Não deixa de ser interessante a reflexão que decorre desta “visão panorâmica” do Tribuna, ao longo dos últimos 25 anos. No que à redação do Departamento Cultural diz respeito, conseguimos ver que obras marcaram várias gerações (a nossa incluída) e quais caíram no esquecimento. Em 1999, recomendava-se Todo sobre mi madre de Pedro Almodóvar, de que hoje tanto se fala. Em 2009, entrevistava-se Valter Hugo Mãe e, em 2013, recomendava-se a leitura de Clarice Lispector. Como é interessante assistir à consagração da intemporalidade!
Para além disso, o Tribuna, como projeto de alunos para alunos, também é orientado pelos interesses dos redatores em cada ano.

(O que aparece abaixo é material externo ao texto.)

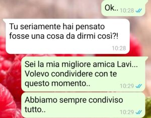 Non so nemmeno da dove cominciare, quindi parto dalla cosa più semplice: una chat. Io e Lavinia ci conosciamo da una vita, di quelle amicizie che non devono spiegarsi troppo perché “ci sei” e basta. Solo che negli ultimi mesi è successo di tutto: lei ha perso un bambino con un aborto spontaneo e io le sono stata vicina come potevo, anche quando non sapevo cosa dire e mi sembrava di dire sempre la cosa sbagliata. Nel frattempo però mi è capitata una cosa enorme, di quelle che ti cambiano la vita e il modo in cui guardi il futuro.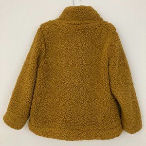 Madden Teddy Bear Jacket Size L Mustard Full Zip Pockets Lined Long Sleeve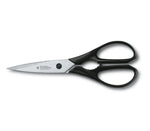 Victorinox multi-function kitchen scissors stainless steel, black plastic handle.

Assim, assistimos no Tribuna a um período de tempo em que se escreve mais sobre Humor, a um período em que se escreve mais sobre Banda Desenhada ou até a um período em que se escreve sobre Xadrez. Os alunos-redatores deste Jornal deixam nele vestígios dos seus interesses e da sua juventude para a posteridade. Quem vai ler os nossos artigos daqui a 25 anos? O que irão achar? Será que, em 2048, os nomes Richard Zimler, Miley Cyrus ou Elena Ferrante ainda dizem alguma coisa a quem nos lê?
Vinte e cinco anos volvidos, já muito se fez, escreveu, experienciou e imaginou nestas páginas físicas e virtuais que juntas formam o Tribuna – também essa evolução é sinal do tempo e da História que já carregamos. Esta foi a nossa singela homenagem a todos os que dela fizeram (e fazem) parte, em especial, aos tribunos-culturais que vieram antes de nós…
Parabéns, Tribuna! E venham mais vinte e cinco: que sejas também tu intemporal.